[Supplied information]

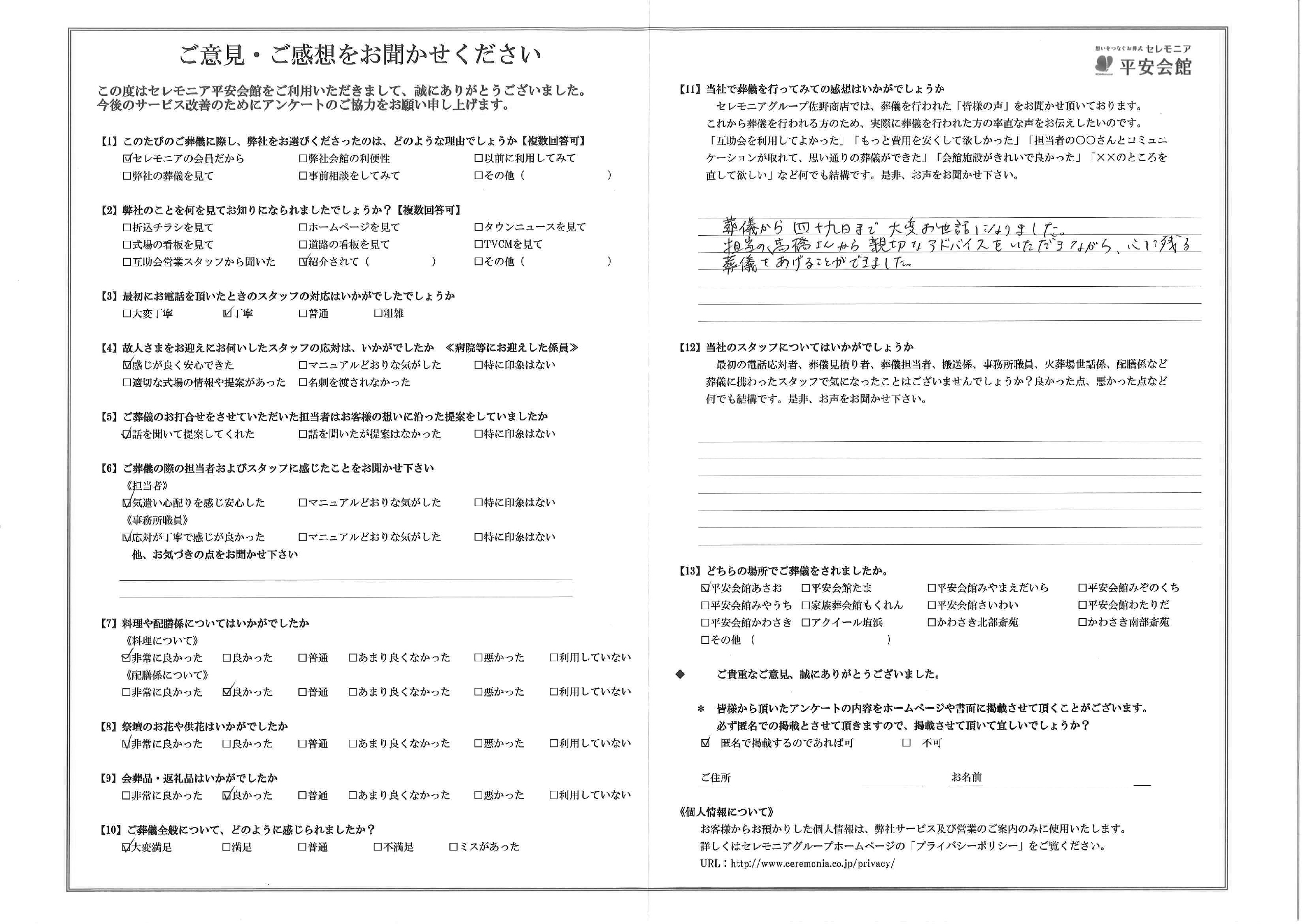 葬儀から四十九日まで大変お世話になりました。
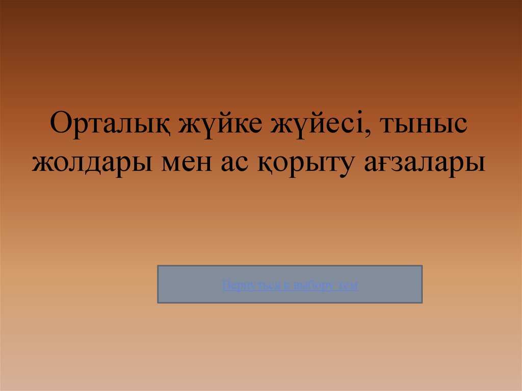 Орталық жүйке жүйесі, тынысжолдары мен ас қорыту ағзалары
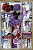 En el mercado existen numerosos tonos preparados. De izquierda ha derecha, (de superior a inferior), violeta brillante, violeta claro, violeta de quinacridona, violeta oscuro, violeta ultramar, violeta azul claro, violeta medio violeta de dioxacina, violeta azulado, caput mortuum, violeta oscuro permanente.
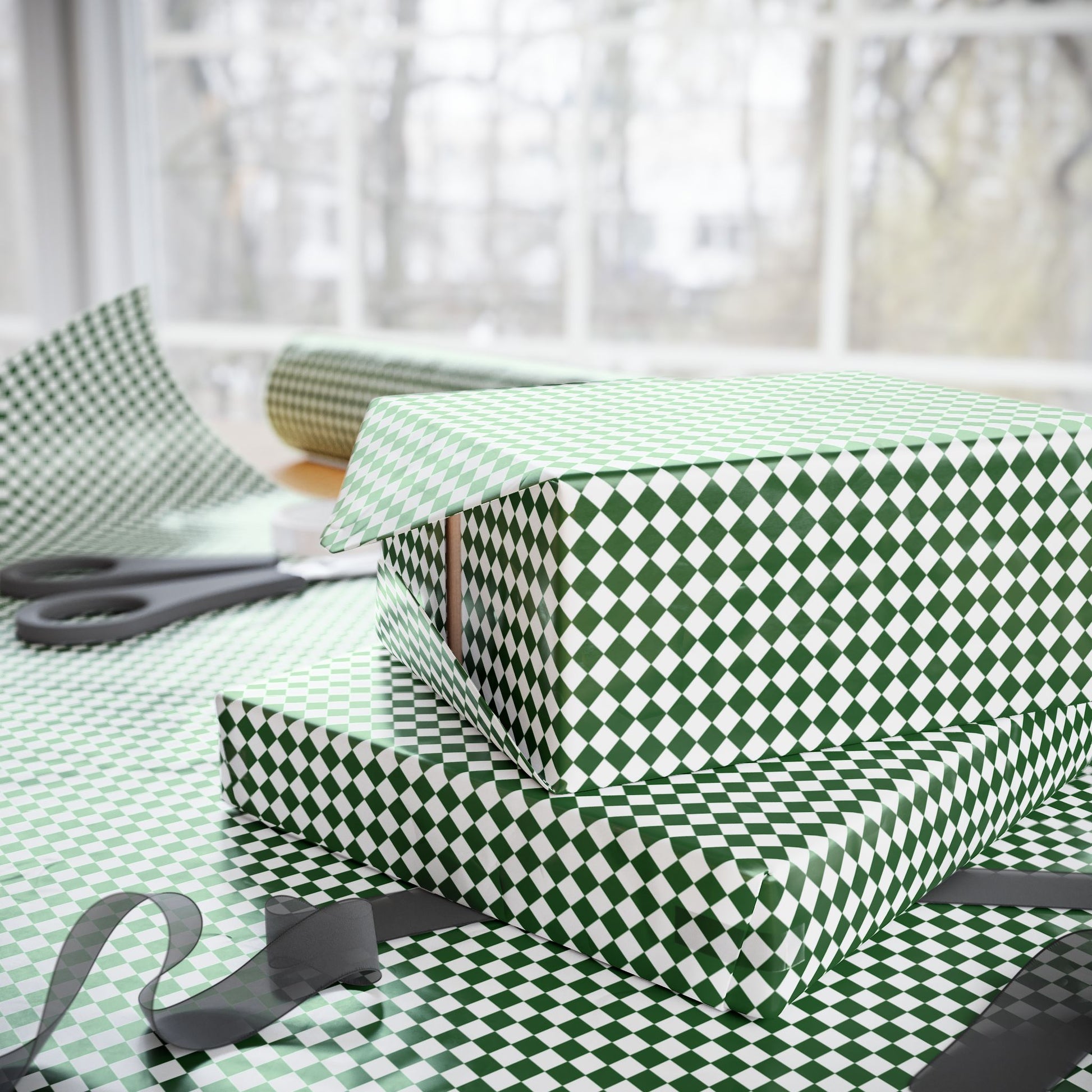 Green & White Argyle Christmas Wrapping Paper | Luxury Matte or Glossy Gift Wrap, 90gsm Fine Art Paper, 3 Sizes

[/Supplied information]

§ **Exercise brief**:
All that is required is an exact reproduction of the lines from the one containing "En el mercado" to the final line of the listing above, pictures omitted.

§ **Written response**:
 En el mercado existen numerosos tonos preparados. De izquierda ha derecha, (de superior a inferior), violeta brillante, violeta claro, violeta de quinacridona, violeta oscuro, violeta ultramar, violeta azul claro, violeta medio violeta de dioxacina, violeta azulado, caput mortuum, violeta oscuro permanente.
 Green & White Argyle Christmas Wrapping Paper | Luxury Matte or Glossy Gift Wrap, 90gsm Fine Art Paper, 3 Sizes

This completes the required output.